遺言には、「思い」を書くことはできても実現できないことがたくさんあります。
その「思い」を実現することができるのが信託です。

信託は思いを実現する遺言

 

1.これまでの信託と民事信託との違いとは?

これまでの信託は、「投資信託」であったり、「証券化信託」あるいは「遺言信託」といったものでした。
これが、信託業法と信託法の改正によって、『財産管理信託』が登場し、大きく変わりました。

従来の信託のイメージ

信託の新しい形

新しい信託の時代が到来

既存の信託銀行の枠にとらわれない、新しい信託活用へのみちが開かれました。

信託の新時代

「財産管理信託」の二つの選択肢

民事信託の活用によって、これまでにない自由な発想の財産管理が生まれる可能性がでてきました。

信託の選択肢

2.信託の登場人物と役割を理解しよう

民事信託の登場人物と役割を理解することで、使い方の可能性が見えてきます。

4人の登場人物

信託の登場人物

信託の基本的なしくみ

信託の基本的しくみ

信託の3つの形態

信託には、大きく分けて二つ、自分が受益者となる⇒自益信託と他人が受益者となる⇒他益信託とに別れ、さらに自分が委託者=受託者となる自己信託に区分されます。

自益信託 自己信託

他益信託

3.信託と課税を理解しよう

信託制度を活用する場合、課税が発生するかどうかは、信託の効力発生時、受益者の変更時、そして信託の終了時に起こる経済価値の移動に注目する必要があります。

信託の効力発生時

信託の効力発生時は、信託前後の経済価値の移動で課税が判定されます。

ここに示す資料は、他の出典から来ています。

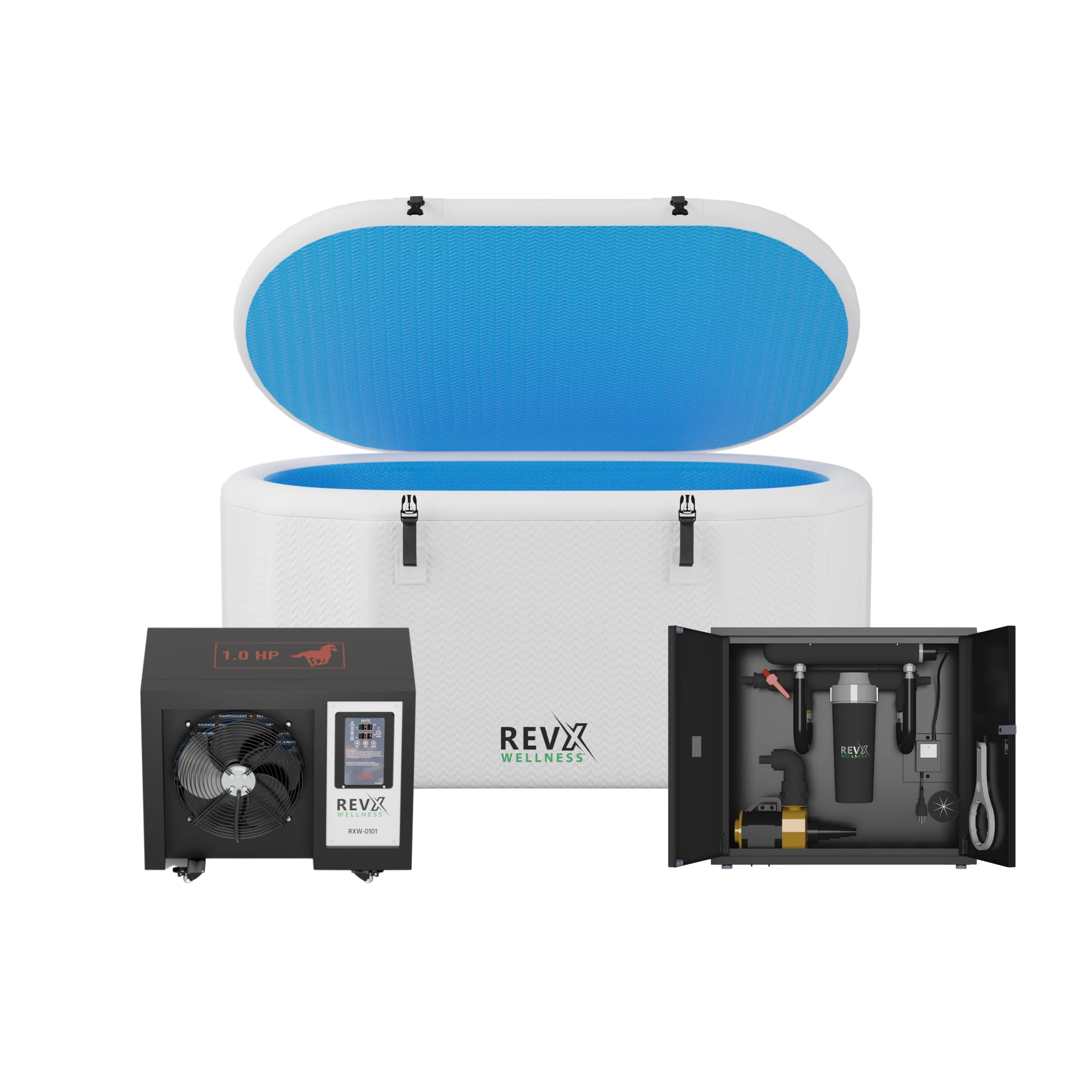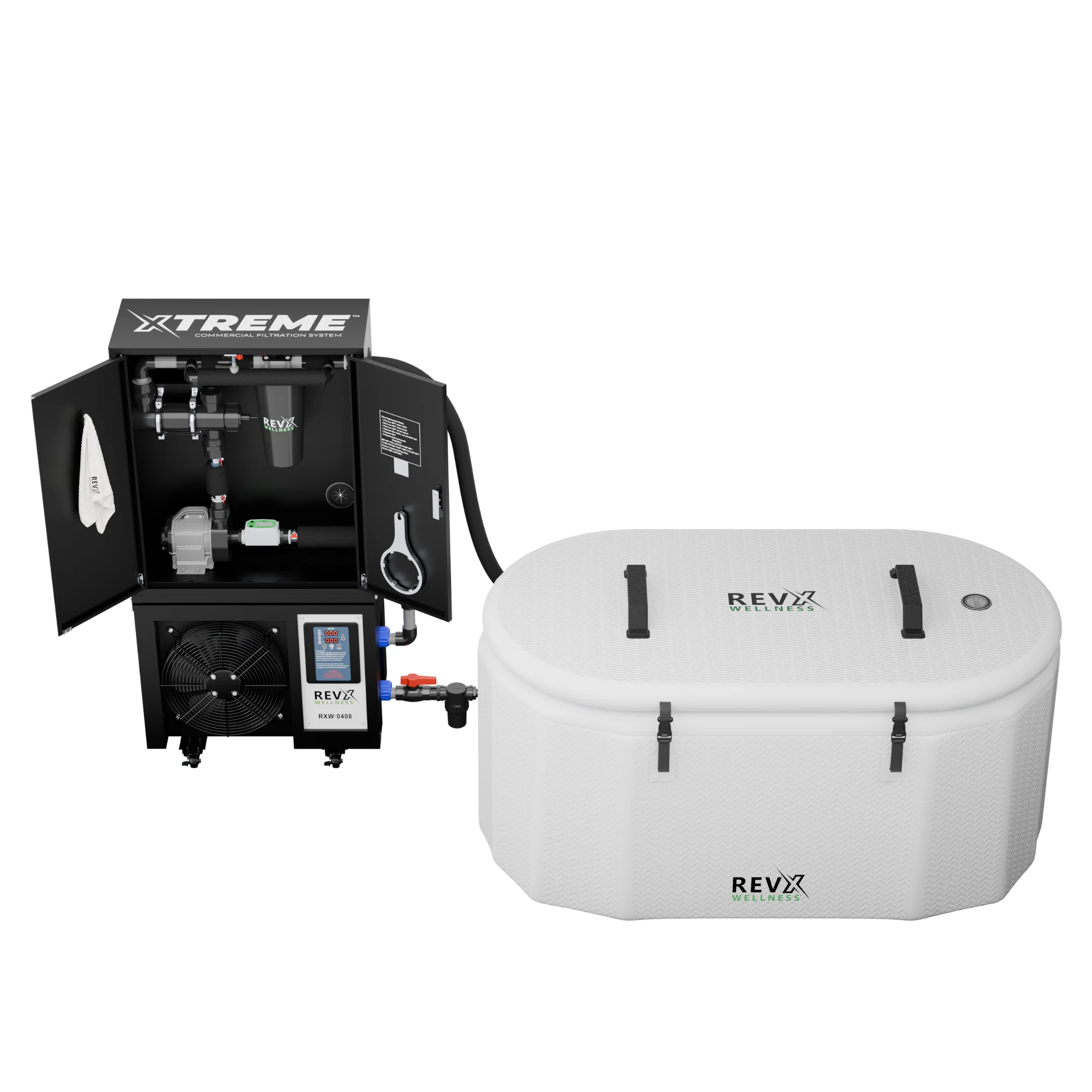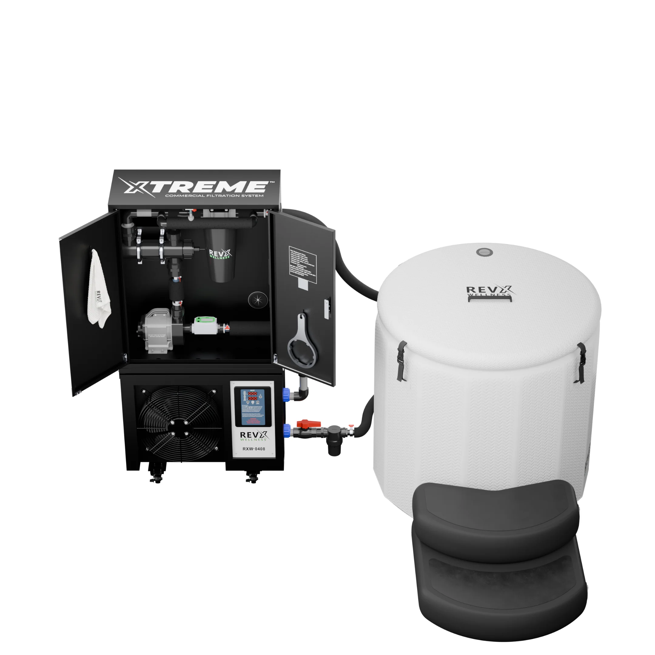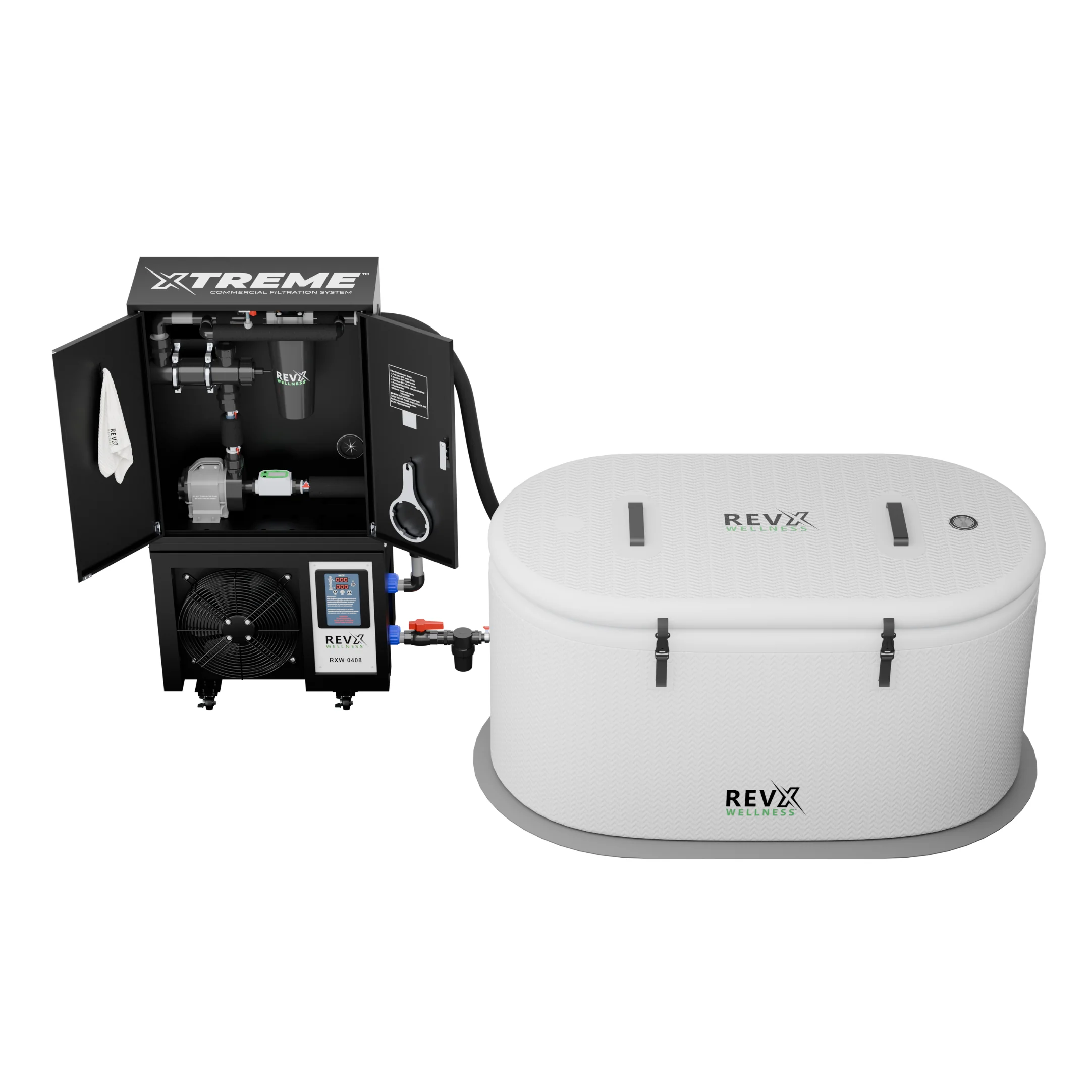 RevX Wellness offers a premium selection of cold plunge devices engineered for performance-driven recovery. Each unit is meticulously crafted to deliver powerful, consistent cooling and robust construction, ensuring it withstands both personal and professional use. The RevX XTREME series includes the XTREME Tub Classic Bundle, XTREME Tub Deluxe Bundle, and XTREME Barrel Bundle, all equipped with advanced cooling technology designed for those who demand rapid, precise temperature control and maximum durability. These high-capacity systems deliver an immersive cold therapy experience, ideal for athletes and biohackers seeking faster recovery and enhanced mental fortitude.

死亡が原因で効力が発生する『遺言信託』などは、相続税が、生前に経済価値が移動すれば、贈与税が課されます。

効力発生時の課税

受益者の変更時

受益者の変更時には、その変更前後の経済価値の移動で課税が判定されます。死亡が原因で受益者が変更された場合は相続税が、前の受益者が生存中に変更された場合は贈与税が課されます。

受益者変更時の課税

信託の終了時

信託の終了時には、その残余財産が誰に帰属するのかによって課税が判定されます。すなわち、信託終了時点での受益者と残余財産の帰属権利者が同一の場合は、経済価値の移動がないので課税はありませんが、信託終了時点での受益者と残余財産の帰属権利者が違う場合は、課税関係が生じます。
この場合、信託終了時点での受益者が死亡したことで残余財産の帰属権利者が他の者となる場合は、相続税が、前の受益者が生存中であるが、残余財産の帰属権利者が他の者となる場合は贈与税が課税されます。

信託終了時の課税

4.信託の変更と終了が活用のポイント

信託では、思いを契約という形にまとめることで、将来に財産を託すことが出来ます。
しかし、一方で将来状況が変化して、想定外のことが起こったり、思いを達成した時のことについて、ちゃんと決めておかないと思いがけないトラブルを起こすかも知れません。

信託の変更

信託の変更には、信託法に定められた規定があります。
特に『委託者』が存在しなくなった場合には、信託契約が終了できなくなってしまうことが考えられます。
そこで、「信託の終了権限を持つ者」を設定しておくなどの設定が必要となります。

図1

『遺言信託』の場合、委託者の地位は相続されませんので、委託者死亡の場合、「委託者不在」は避けることができません。
そこで、遺言信託の場合は、必ず「信託の終了権限を持つ者」を委託者以外の者で指定しておく必要があります。
※『遺言信託』とは、遺言のなかで財産の信託を定める方式のことで、信託銀行の商品である「遺言信託(遺言作成と遺産整理業務のパッケージ)」とは違います。

信託の終了

信託の終了は、当事者が合意して終了する場合や信託契約の中で定められた事由が生じた場合に終了となるほか、いくつか注意すべき特別な状況においても終了してしまうことがあります。

委託者及び受益者が合意した場合
信託行為において定めた事由が生じた場合
信託の目的を達成した場合、又は信託の目的を達成できなくなった場合
受託者が受益権の全部を固有財産として有する状態が一年間継続した場合
受託者が欠けた場合に、新しい受託者が存在しない状態が一年間継続した場合
⑥信託財産が費用等の償還等に不足している場合において、受託者が一定の規定により信託を終了させた場合
⑦信託の併合がなされた場合
⑧特別の事情による信託の終了を命ずる判決等があった場合
⑨信託財産についての破産手続き開始の決定があった場合
⑩委託者が破産手続き開始の決定、もしくは再生手続き開始の決定、又は更正手続き開始の決定を受けた場合において、信託契約の解除がなされた場合
⑪不法な目的で信託がなされた場合等において、利害関係人の申立てにより、裁判所が公益確保のために信託の終了を命じた場合

①~⑤は一般的に起こりうる信託終了事由です。

④、⑤に注意してください。
④は、受益者のうちの一名が受託者の場合で、後に受益者が受託者でもある一名になってしまった場合が該当します。
⑤は受託者が個人の場合に、受託者が死亡した場合などが該当します。

まとめ

信託は節税策になるのか?

信託を活用する場合、脱税の疑いのあるスキーム又は節税を主たる目的としているスキームは禁止されています。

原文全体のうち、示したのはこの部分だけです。